MySQL(二十三):查看锁表和等待锁的事务,死锁排查

star2017 1年前 ⋅ 762 阅读

今天碰到个涉及微服务和事务的问题,出现了死锁,抛出了事务等待锁超时的问题。

查了半天最后确定是对微服务环境下的事务,及事务使用的认识上存在不足导致。

死锁

问题

系统是基于微服务架构开发(微服务共用一个数据库),同事 K 负责的 A 服务需要调 B 服务,B 服务要更新表后响应A服务,A 服务收到响应业务处理后会再次更新同一张表,之前是完全没问题的;

同事K 某个修改后导致 B 服务的 update 一直被阻塞,需要等待到 30 多秒后报事务等待锁超时的异常,微服务开发各自负责不同的服务,各自也不会关注其它服务的修改。

排查

  1. 问题是 B 服务抛出的,就得先从 B 服务排查,B 服务就一条简单的 update 语句,也没有开启事务,来回看代码查SQL都确定不了问题,这是代码层面的排查;
  2. 然后就从数据库层面开始查,查看数据库的事务使用情况,发现同一个表有两个事务,其中一个是等待锁的 update 语句事务,另一个占用锁的事务,但没有SQL语句;
  3. 这里问题就跟踪到了同一个表出现 2 个事务的问题,就从请求源头开始查整个请求链路,查看是那个环节开启了事务,但没有执行SQL;
  4. 最后是查到同事 K 的修改在微服务 A 调 B 服务的方法上添加了开启事务。确定了问题的根源后真的想说一万遍 fxxk.............。

原因

深层原因:一个表 2 个事务内部依赖就出现了死锁。

A 服务开启了事务,A 服务调 B 服务等待 B 响应再去更新,B 要先更新后才会响应,因 A 开启了事务占用了锁,B 提交 update 语句就一直等待锁,就出现了 A 等待 B 响应后处理才能释放锁,B 要等待 A 释放锁执行 update 语句完后才能响应,就出现了死循环。

事务使用

问题是查到了,解决也简单,去掉开启事务加个业务判断就行。

但也反应出另一个问题,就是对事务的使用,微服务环境下使用事务的认识不足,现总结以下几点。

  • 微服务环境下,只能开启本地事务,服务之间调用一定不能开启事务(指的不是分布式事务)。排查这类问题会被骂的很惨的。
    特别要注意微服务架构共用同一个库,同一个请求链路到不同服务可能操作同一个表可能导致死锁的问题。

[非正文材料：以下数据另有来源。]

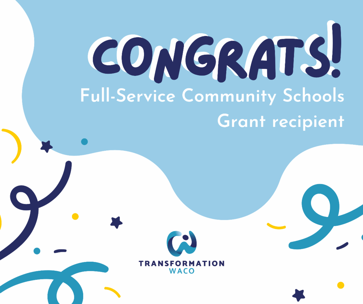 I’m excited to share that the U.S. Department of Education is awarding Transformation Waco a $2.5 million Full-Service Community Schools grant! The grant will enable us to expand our existing community schools model and establish new programs to increase students’ and families’ access to social, emotional, mental health and academic support.
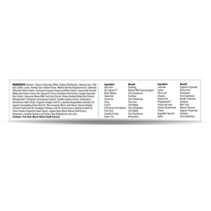 Other Ingredients:phtyoplenolin bio-chelated extracts of calendula flowers, chamomile flowers, echinacea tops, gotu kola whole herb, prickly ash bark, olive leaf, grapefruit seed, black walnut green hulls, green tea leaf, essential oils of peppermint, oregano, lavender, clove, eucalyptus & thyme, cinnamon *** bark, bio-saponins yucca spp, quillaia (quillaia saponaria) bark, sarsaparilla root, wild yam root, folic acid, co-enzyme q10, sodium bicarbonate, xanthan gum,, chlorophyll, l-lysines, xylitol, aloe vera. Base Ingredients vegetable glycerin, purified water, calcium carbonate, silica.
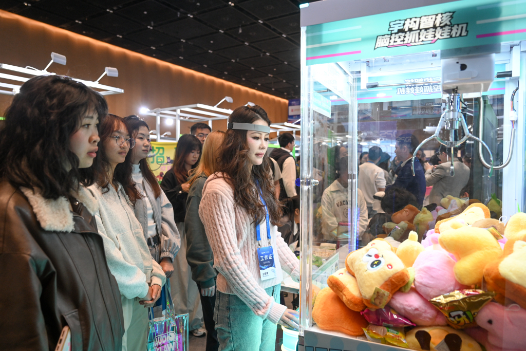 3月28日,上海西岸海外会展中心,一台脑控娃娃机前排起长龙。据责任主说念主员先容,体验者所戴的头环会收罗大脑“醒目力信号”并传递给机器,当指导者醒目力越勾通,娃娃机持夹的持力越大。滂沱新闻记者 朱伟辉 图
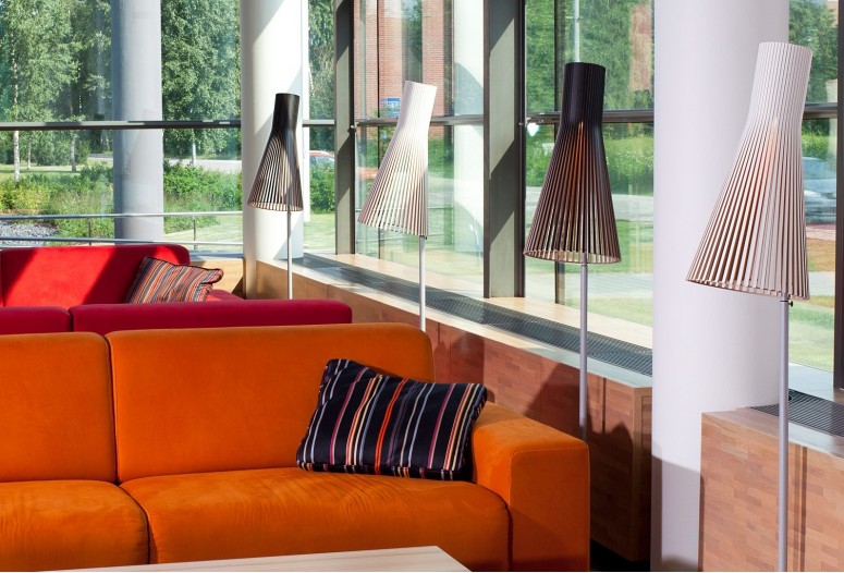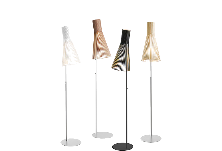 Kolekce designových lam Secto je navržena finským interiérovým architektem Seppo Koho. Stínítka jsou vyrobeny z vrstvených březových lamel spojených balzovým kroužkem.
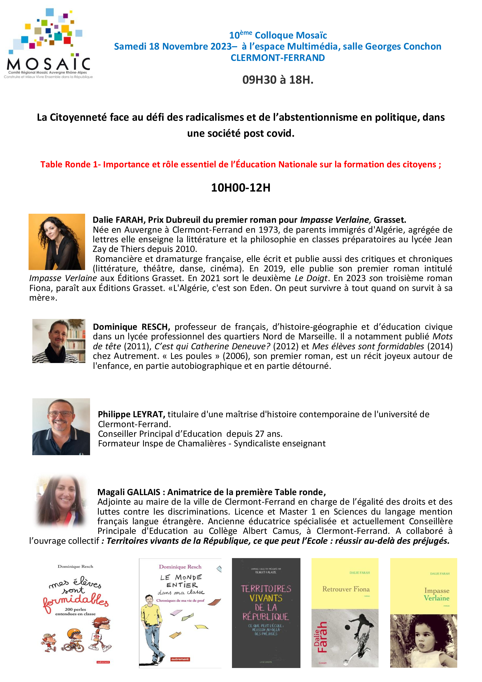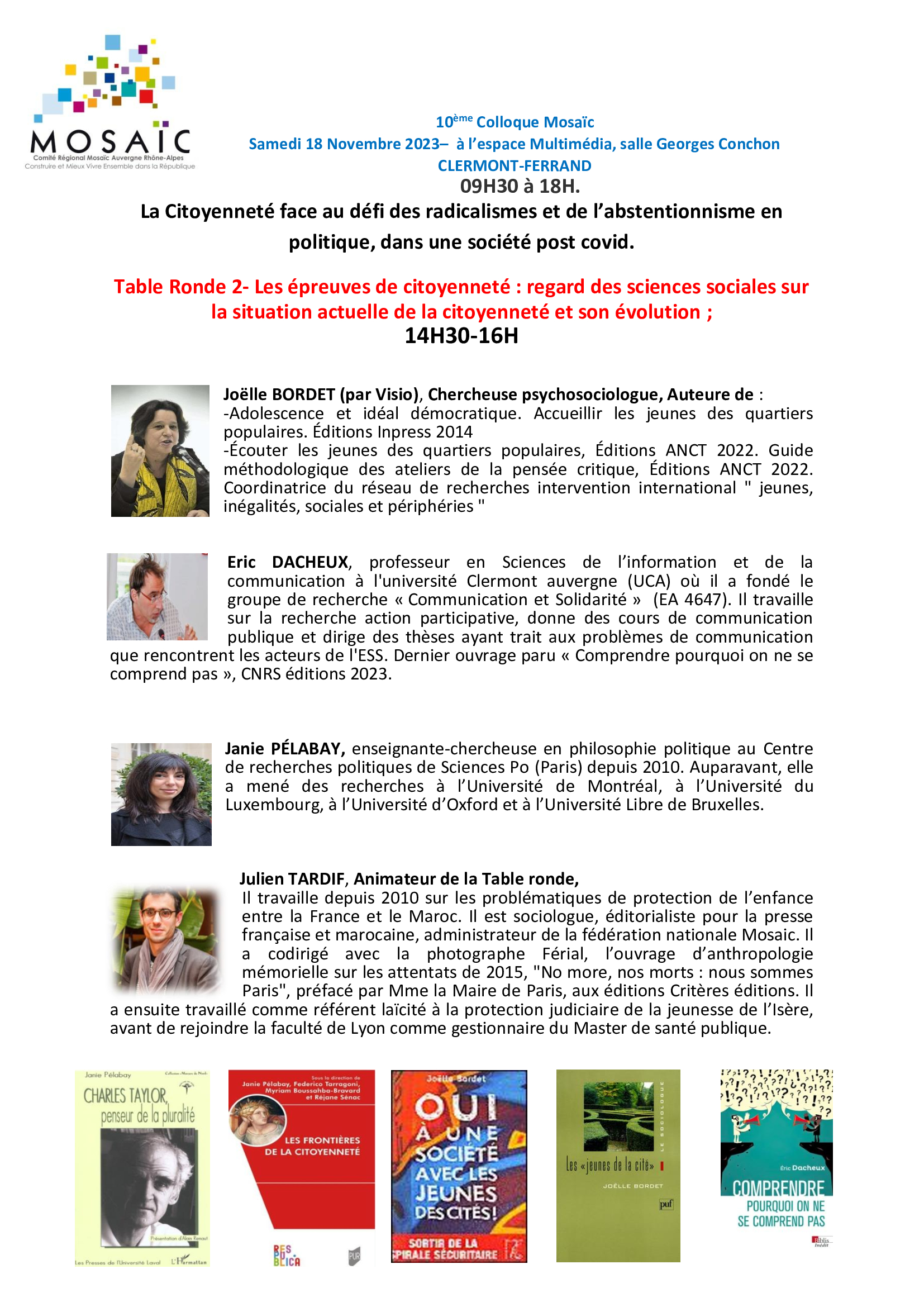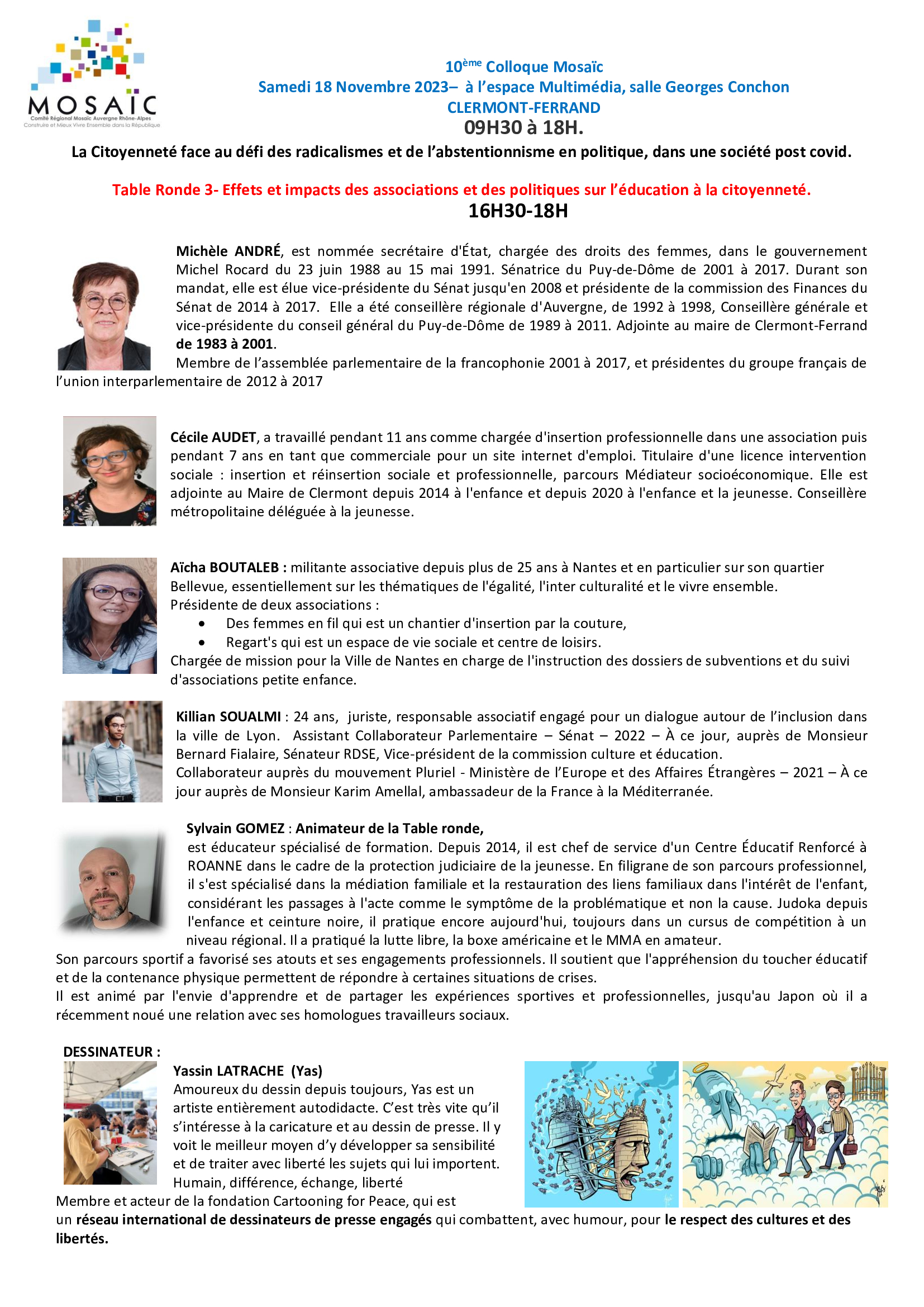 10ème colloque Mosa?c, avec tables rondes et intervenants, sur le thème de la citoyenneté face au défi des radicalismes et de l’abstentionnisme en politique dans une société post covid, ,
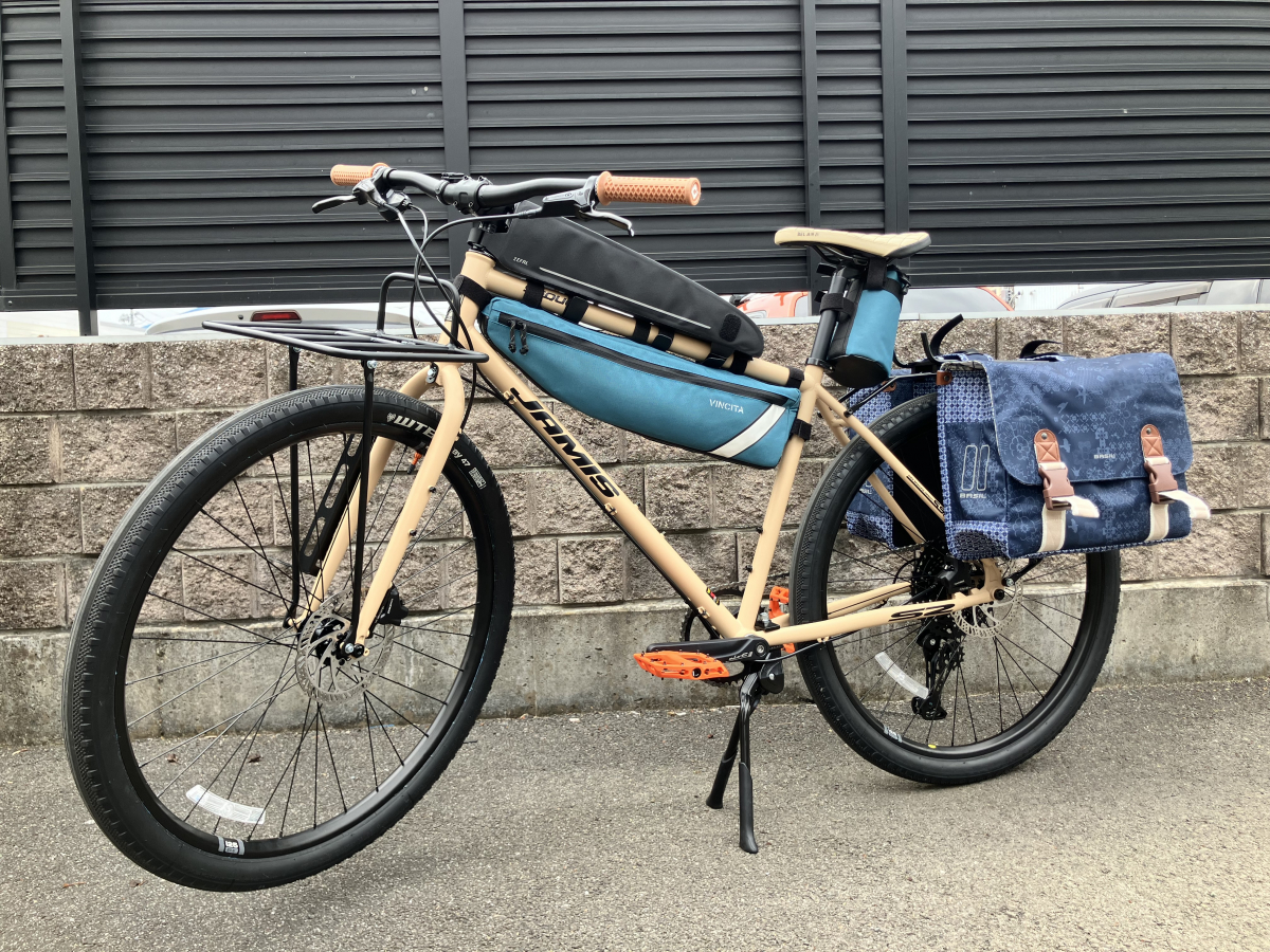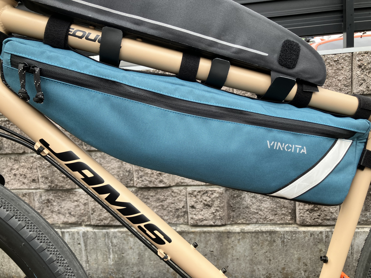 フレームバッグはなるべく大きくかつトップチューブ長と同じぐらいの長さのものを探してVINCITAというタイのサイクルバッグメーカーのものにしました。左右どちらからでも出し入れが出来るので使い勝手がよいです。

  • 微服务调用之间的数据回滚完全可以在业务层面判断处理,不应依赖于事务。

  • 开启事务,通常是在执行多表操作时使用;

    而不是用在同一张表上的多次操作,这完全可以在业务层面处理。

查看锁和事务

查看是否锁表

mysql> SHOW OPEN TABLES where In_use > 0;

mysql> SHOW STATUS LIKE 'Table_locks%';
+-----------------------+-------+
| Variable_name         | Value |
+-----------------------+-------+
| Table_locks_immediate | 415   | 
| Table_locks_waited    | 0     |
+-----------------------+-------+

-- Table_locks_immediate:表被锁了总数
-- Table_locks_waited:表示有多少请求等待表锁

查看连接进程

-- 查看连接的进程,id 就是进程号
mysql> SHOW PROCESSLIST;
-- 杀掉进程号
mysql> kill id;

查看InnoDB事务

mysql> SELECT * from information_schema.INNODB_TRX
-- 杀掉事务进程
mysql> kill trx_mysql_thread_id

查看InnoDB引擎状态

mysql> SHOW ENGINE INNODB STATUS;

要查看 InnoDB 用户事务中的最近的死锁日志,可使用 SHOW ENGINE INNODB STATUS

返回结果中包括死锁相关事务的详细信息,如引发死锁的SQL,事务已经获得的锁,现在等待什么锁,以及被回滚的事务等等。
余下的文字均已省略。